The H-1B Fight in the Broader Context of Trump’s Tech Policy Tensions
The $100,000 H-1B fee was always one of the more politically complicated initiatives in the second Trump term, because it put the administration in direct conflict with the technology industry allies whose financial support and rhetorical endorsement have been central to Trump’s political coalition since 2024. Elon Musk — whose companies employ thousands of H-1B workers — publicly criticized the fee before it was struck down. Several other major tech executives who attended Trump’s Beijing summit in May and who have been visible supporters of administration priorities expressed private objections.

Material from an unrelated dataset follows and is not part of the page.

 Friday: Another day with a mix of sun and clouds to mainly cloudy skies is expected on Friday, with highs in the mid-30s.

The fee’s elimination by court order resolves that tension without requiring the administration to reverse itself politically — it can characterize the ruling as judicial overreach while the tech industry quietly returns to its prior H-1B sponsorship patterns.

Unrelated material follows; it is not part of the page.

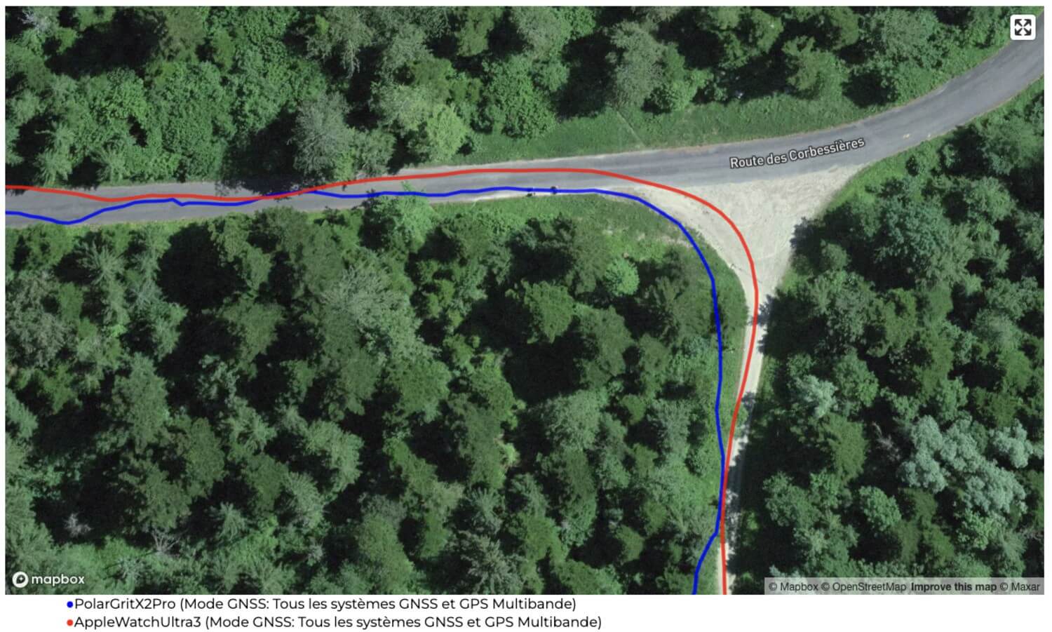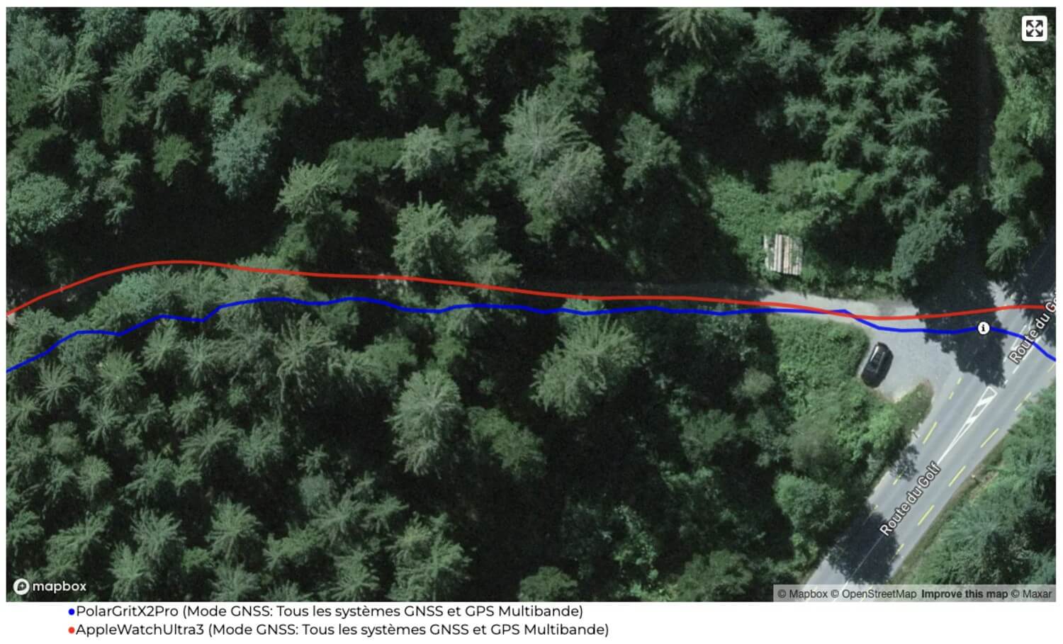 Lors de ce premier comparatif, j’effectue 4 tours d’un petit circuit d’environ 450m en sous-bois. La trace permet ensuite de voir la régularité de la mesure de la montre. J’ai réalisé ce test une première fois, mais de retour à la maison, je me suis rendu compte que l’Apple Watch Ultra 3 avait fait une magnifique sortie de route sur l’un des tours de la boucle (à gauche). Afin de savoir si cette erreur revenait de manière récurrente, j’ai effectué une nouvelle fois le test quelques jours plus tard (à droite), et là, plus aucune erreur… Problème ponctuel probablement, même si il est toujours très délicat de comparer deux traces GPS réalisées à un moment différent, puisque la disposition des satellites disponibles dans le ciel est toujours différente…

| H-1B Visa Fee — Timeline and Current Status | Detail |
|---|---|
| Fee announced | Late April 2026 |
| Fee amount | $100,000 per new H-1B petition |
| Prior existing fees | $730–$4,800 per petition |
| Stated purpose | Reduce foreign worker competition with Americans |
| Projected annual revenue | $1.2 billion |
| Court ruling | Monday June 8 — Northern District of California |
| Legal basis for strike-down | Unlawful tax; APA violation; no Congressional authority |
| H-1B workers currently in US | 580,000+ |
| NFAP projected reduction from fee | -65% in first year |
| Duration fee was in effect | 47 days |
| Administration response | DHS strongly disagrees — reviewing appeal options |
| Stay requested | Not yet as of Tuesday morning |
| Cap on new H-1B visas annually | 85,000 (65K regular + 20K advanced degree) |
What a 65% Reduction in H-1B Approvals Would Have Meant
The H-1B program is not a simple economic input. It is the pipeline through which American research universities retain a significant portion of their STEM graduate students, through which American hospitals fill specialist physician and nursing shortfalls in underserved communities, and through which the technology industry accesses engineering talent for which the domestic supply pipeline remains chronically insufficient.
The Bureau of Labor Statistics projects a shortage of approximately 1.2 million software developers, data scientists, and related technology workers in the United States through 2030. American universities graduate approximately 400,000 students annually in computer science and related fields. The gap between domestic talent supply and employer demand in the technology sector has been a feature of the American labor market for 25 years. H-1B workers fill a material portion of that gap.
A 65% reduction in annual H-1B approvals would not have solved that gap by producing more American workers — the domestic pipeline cannot be expanded in 12 or 24 months regardless of immigration policy. It would have left the gap partially unfilled, redirected H-1B sponsorships toward larger companies with the resources to absorb the $100,000 fee, and — in the healthcare sector specifically — left rural and underserved hospitals without the specialist physicians they recruit through the H-1B program precisely because the domestic physician workforce does not distribute itself to those communities in sufficient numbers.
The court ruling stops that from happening. The appeal will test whether any version of a large H-1B deterrence fee can survive judicial review. Until that question is answered, the program operates under its pre-April cost structure. The 580,000 workers currently in H-1B status, and the employers who sponsor them, go back to operating under a system that — whatever its limitations — has been the framework for high-skilled immigration in America for three decades.